Eight evaluations of the noisy simulation were sufficient to identify the optimum region. In production settings with multi-hour simulation runs, reducing from hundreds of evaluations to tens is the difference between a feasible and an infeasible analysis.


11.6 Summary

Method Best for Key property
Standard MC Any expectation, distribution tails \(O(1/\sqrt{N})\) convergence
Antithetic variates Monotone integrands 2–5× variance reduction
Control variates Correlated known-mean quantity 5–20× variance reduction
Discrete-event simulation Queueing, transient, finite-buffer Captures dynamics
GP surrogate + BO Expensive black-box, few evaluations 10–100× fewer function evals

11.7 Exercises

  1. Extend the M/M/1 simulator to an M/M/c queue (c parallel servers). Validate simulated average waiting time against the Erlang-C formula for \(c = 2\) and \(c = 3\) at \(\rho = 0.8\).

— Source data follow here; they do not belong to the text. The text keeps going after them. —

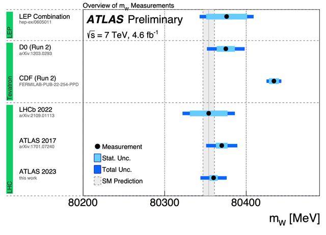 近日,欧洲核子研究中心的ATLAS实验室发布了一项新的研究结果,对W玻色子的质量进行了改进的再分析。ATLAS发现W玻色子的质量为80360 MeV,不确定度为16MeV。这是目前世界上最精确的单个实验测量结果,也与标准模型预测值80357±6 MeV非常接近。 然而,这一结果与去年费米实验室的CDF实验结果形成了鲜明对比。它们利用2002年到2011年期间CDF探测器的实验数据,对大约400万个W玻色子进行十余年分析,最终给出了W玻色子质量的测量结果,这也是第一个将误差降低到个位数(9 MeV)的实验。然而,CDF合作组所测量的W玻色子质量为80434±9 MeV,比标准模型预期值高出了7个标准偏差。如果这一结果被证实,将预示着标准模型需要被修正或扩展。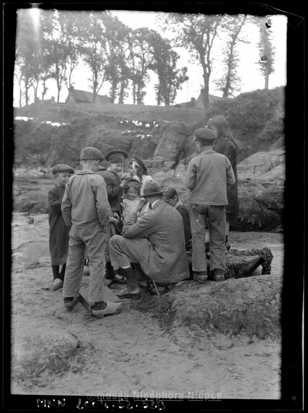 Peintre (M. Homère ?) entouré d'enfants en contrebas des Plomarc'h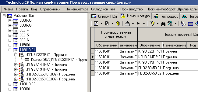 Режим работы с производственными спецификациями вызывается из главного меню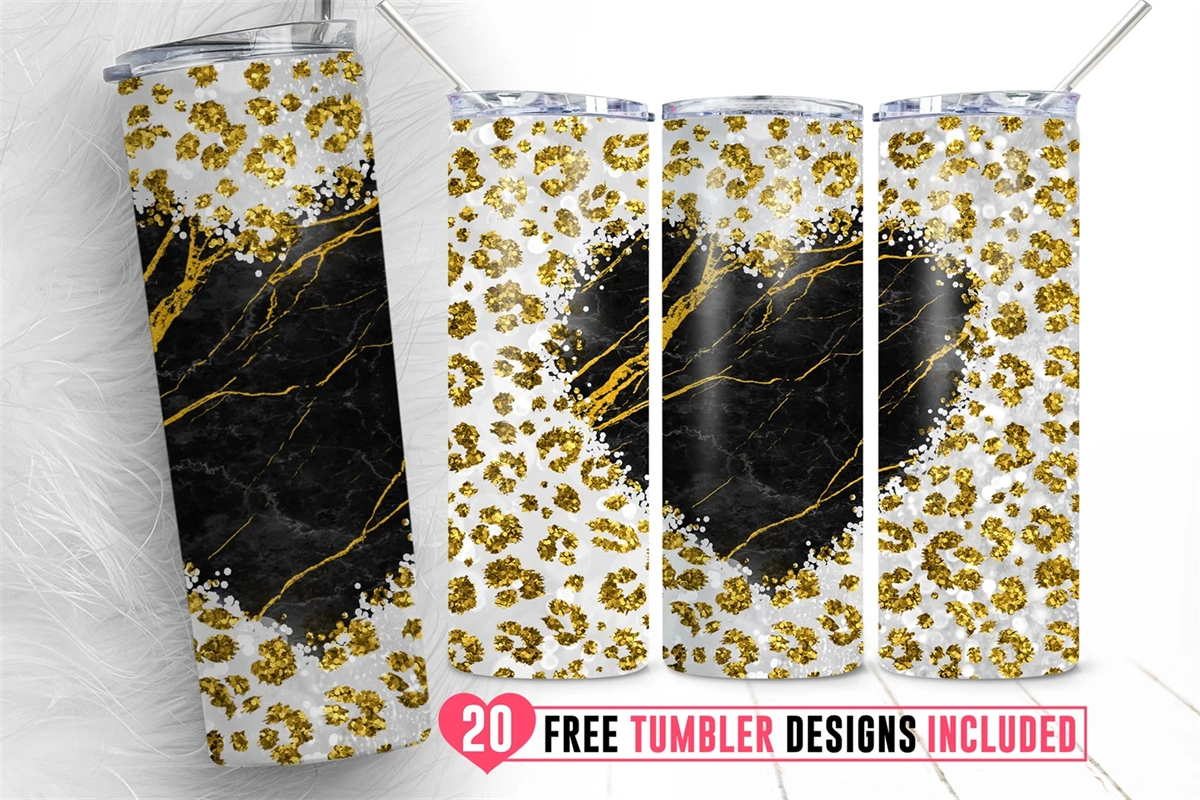 20oz Leopard Glitter Skinny Tumbler Sublimation Png, Agata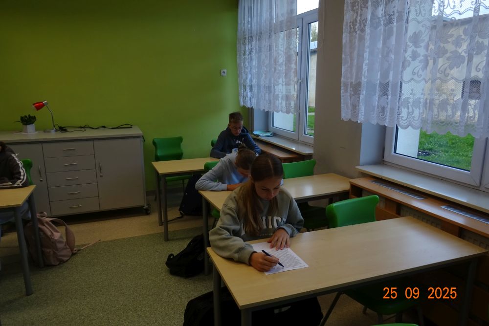 Dyktando z języka niemieckiego- Dzień Języków Obcych Opublikowano: 30 wrzesień 2025 Z okazji Dnia Języków Obcych uczniowie klasy 8 wzięli udział w szkolnym dyktandzie z języka niemieckiego. I miejsce zajęła Gabriela Warzecha, II miejsca zajęła Lena Sztogrin a III miejsce Marta Łącka.Gratulujemy!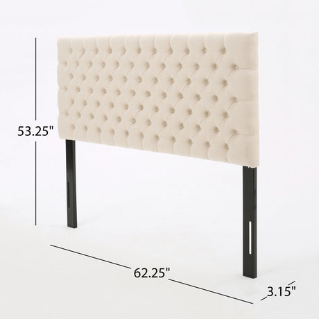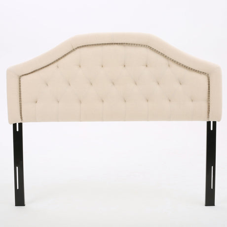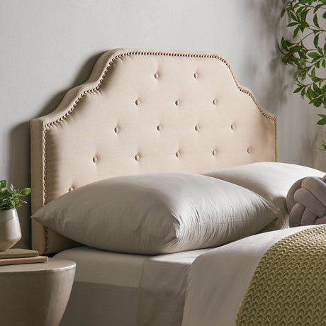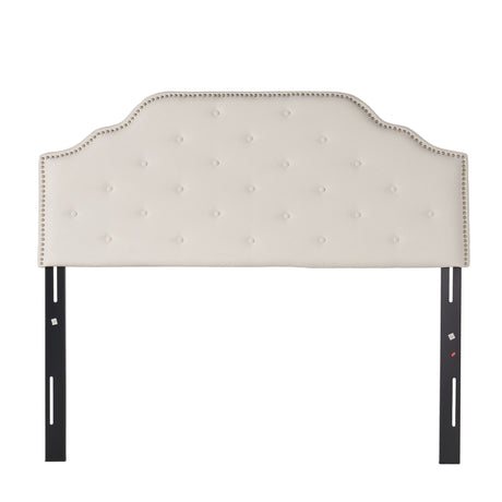 Queen & Full Size Headboard With Diamond Tufting And Nailhead Trim - Beige

  2. Implement a common random numbers comparison of two order quantities \(q_1 = 100\) and \(q_2 = 120\) using the same demand samples. Show that the variance of the profit difference is lower than under independent sampling, and compute the variance reduction factor.

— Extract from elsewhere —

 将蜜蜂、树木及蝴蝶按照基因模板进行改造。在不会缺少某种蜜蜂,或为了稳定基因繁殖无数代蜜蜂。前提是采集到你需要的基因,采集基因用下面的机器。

  3. Extend the GP surrogate example to a sequential Bayesian optimization loop: after fitting the initial GP, compute the EI acquisition function, add the maximizing point, re-fit, and repeat for 10 iterations. Plot convergence of the estimated optimum.

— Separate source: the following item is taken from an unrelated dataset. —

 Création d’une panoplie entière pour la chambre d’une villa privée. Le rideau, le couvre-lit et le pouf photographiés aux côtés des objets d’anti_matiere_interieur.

  4. The warm-up period was identified visually. Implement the Welch moving-average method: compute rolling averages over a window \(w\), and flag the warm-up end as the first index where the rolling average falls within 5% of the final 20% mean.

11.8 Further Reading

  • Law, Averill M. Simulation Modeling and Analysis. 5th ed. McGraw-Hill, 2015. (Definitive reference on simulation methodology, output analysis, and variance reduction.)
  • Shahriari, Bobak, et al. “Taking the Human Out of the Loop: A Review of Bayesian Optimization.” Proceedings of the IEEE 104, no. 1 (2016): 148–175.
  • Kleijnen, Jack P. C. Design and Analysis of Simulation Experiments. 3rd ed. Springer, 2015.
  • Rasmussen, Carl Edward, and Christopher K. I. Williams. Gaussian Processes for Machine Learning. MIT Press, 2006. (Free PDF at gaussianprocess.org.)